Running Length: 106 minutes
Cast: Amy Adams, Christoph Waltz, Krysten Ritter, Danny Houston, Terence Stamp
Directed by: Tim Burton
Written by: Scott Alexander, Larry Karaszewski
Cinematography: Bruno Delbonnel
Distributed by: The Weinstein Company
Vapid, lifeless and very mediocre.
Big Eyes is quite possibly the weirdest movie that Tim Burton has ever made. Not weird in the sense of kooky or off-the-wall bizarre, but weird in the sense of being so straight and ordinary that it literally could have been directed by any bog-standard director working today. In the same fashion that the work of J.J. Abrams is lazily reduced to knee-jerk jokes about lens flare, any reference to Burton is automatically followed with quips about Johnny Depp overacting in funny wigs and casting Helena Bonham Carter in everything. Obviously this has stuck in Burton’s craw, and the monumentally-average Big Eyes could be read as a massive “you want straight? I’ll show you straight,” two-fingered salute to his critics. There is no evidence of the auteur’s singular vision here whatsoever. It’s been completely de-Burtoned and as a result, it’s vapid, lifeless and very mediocre.

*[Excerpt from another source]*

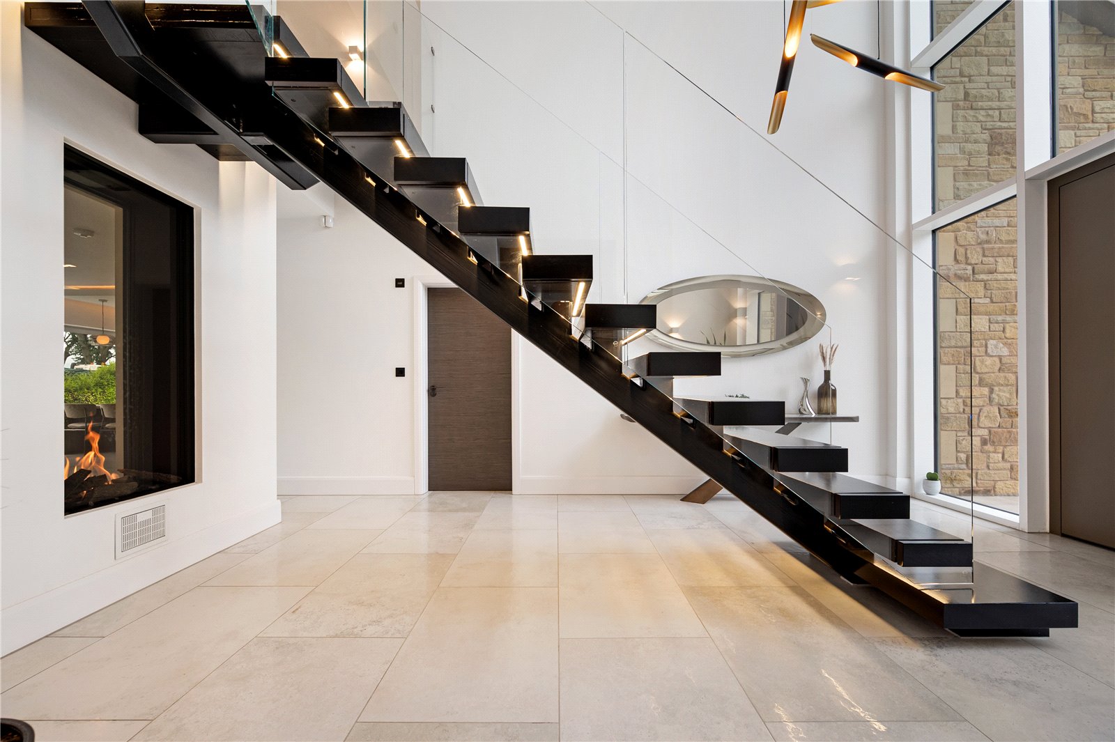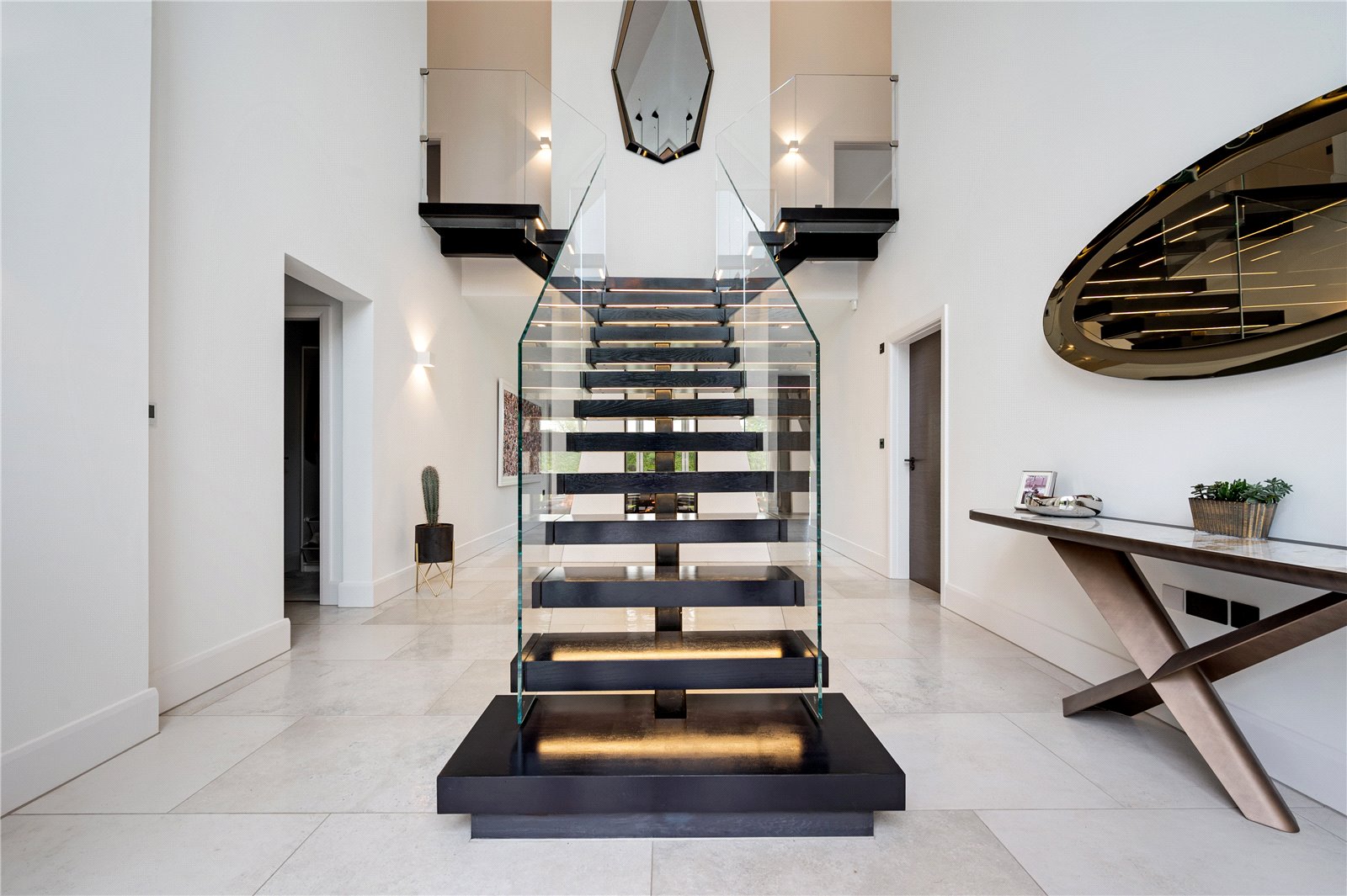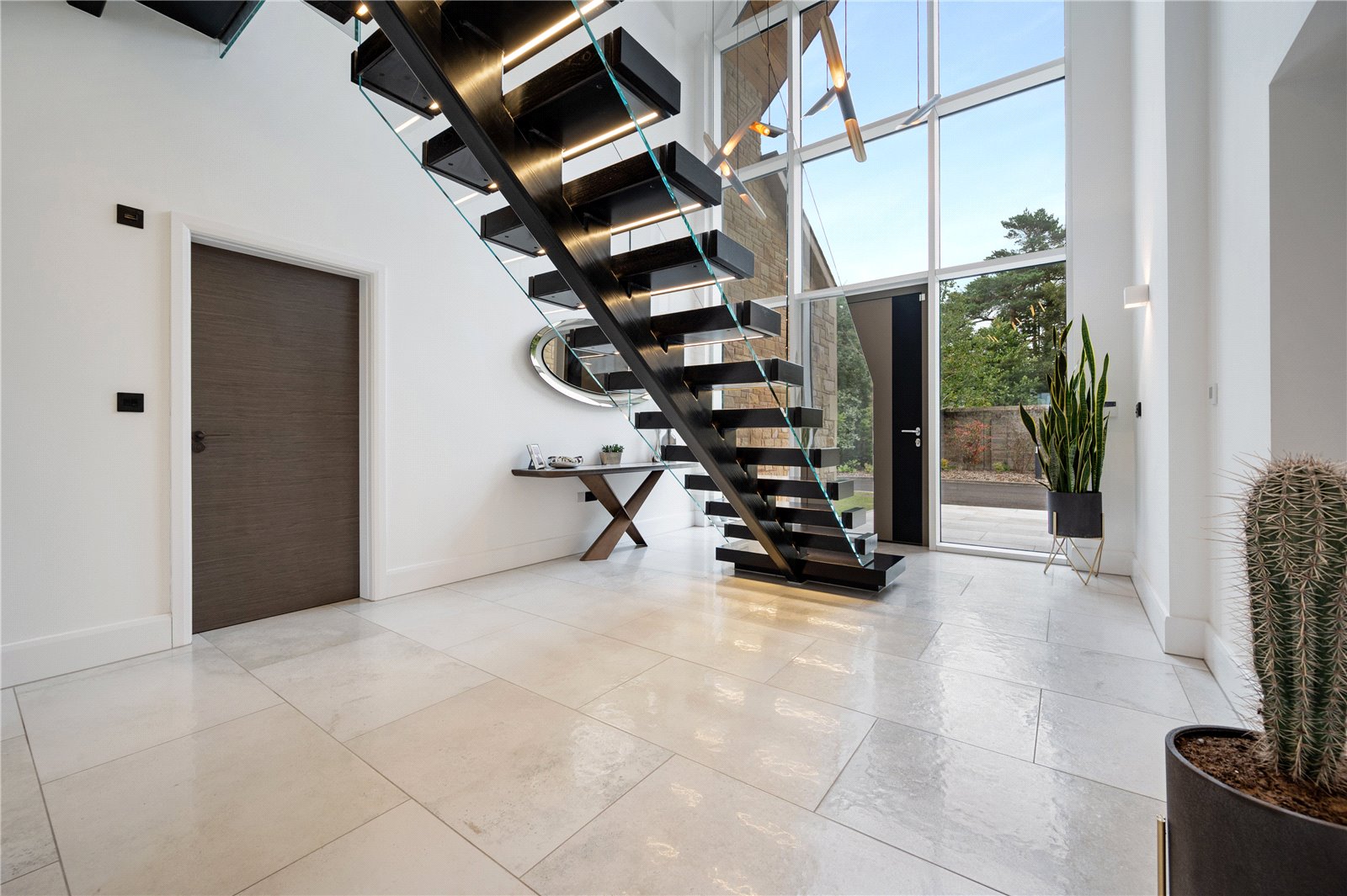 The approach is nothing but WOW, the luxurious glass-fronted entrance towers at 25ft, with a subtly stylish cedarwood finish it gives a hint of what’s to come. Walk through the plush over-sized doorway you are met with an impressive floating staircase, but even more eye-catching is the tunnelled fire that leads elegantly onto the central living space.

Big Eyes is the first movie not based on pre-existing source material that Burton has directed since Ed Wood in 1994. Set in the late 1950s, it is the story of Margaret (Amy Adams) and Walter Keane (Christoph Waltz). Margaret and Walter were both artists – she of portraiture and he of bullshit. Without any natural talent of his own, Walter uses his aptitude for self-promotion to pass himself off as the artist behind Margaret’s stylised “big eyes” paintings. Somewhat implausibly, she consents to this arrangement without much protest, before eventually deciding that she’s not cool with this at all actually. But not before her work has been mass-produced and her husband becomes a cultural phenomenon.
Of course, Walter soon begins to buy his own brand of bullshit and Margaret’s identity is slowly obscured by her husband’s shadow.
You could argue that Burton is a better art director than film director. At some point around 2001’s ludicrous Planet of the Apes remake, he seemed to lose his mojo and with it, the passion and emotion of his earlier work. In the years since, Burton has slowly turned into his own tribute act, churning out fluff like Alice in Wonderland or Charlie and the Chocolate Factory. Those films may look beautiful, but are pastiches of his past best. It’s a surface beauty that hides an emotional vacuum in place of the passion conspicuous in Edward Scissorhands or Ed Wood. But Big Eyes doesn’t even have that Burton aesthetic going for it. It is an unspectacular story with an average look.
This personality bypass extends to Danny Elfman’s forgettable, generic musical score, and the by-the-numbers script by Scott Alexander and Larry Karazewski makes it impossible to reconcile these as the same screenwriters who collaborated with Burton on the wonderfully eccentric Ed Wood. Christoph Waltz can usually be relied upon to walk into a supporting role and completely steal the thunder of all around him. However, he seems to have missed the memo about Big Eyes being a crushingly normal movie. His unrestrained, exaggerated performance is distractingly out of place, and forces Amy Adams to resort to melodrama. Big Eyes is not appalling, but it is dreadfully disappointing.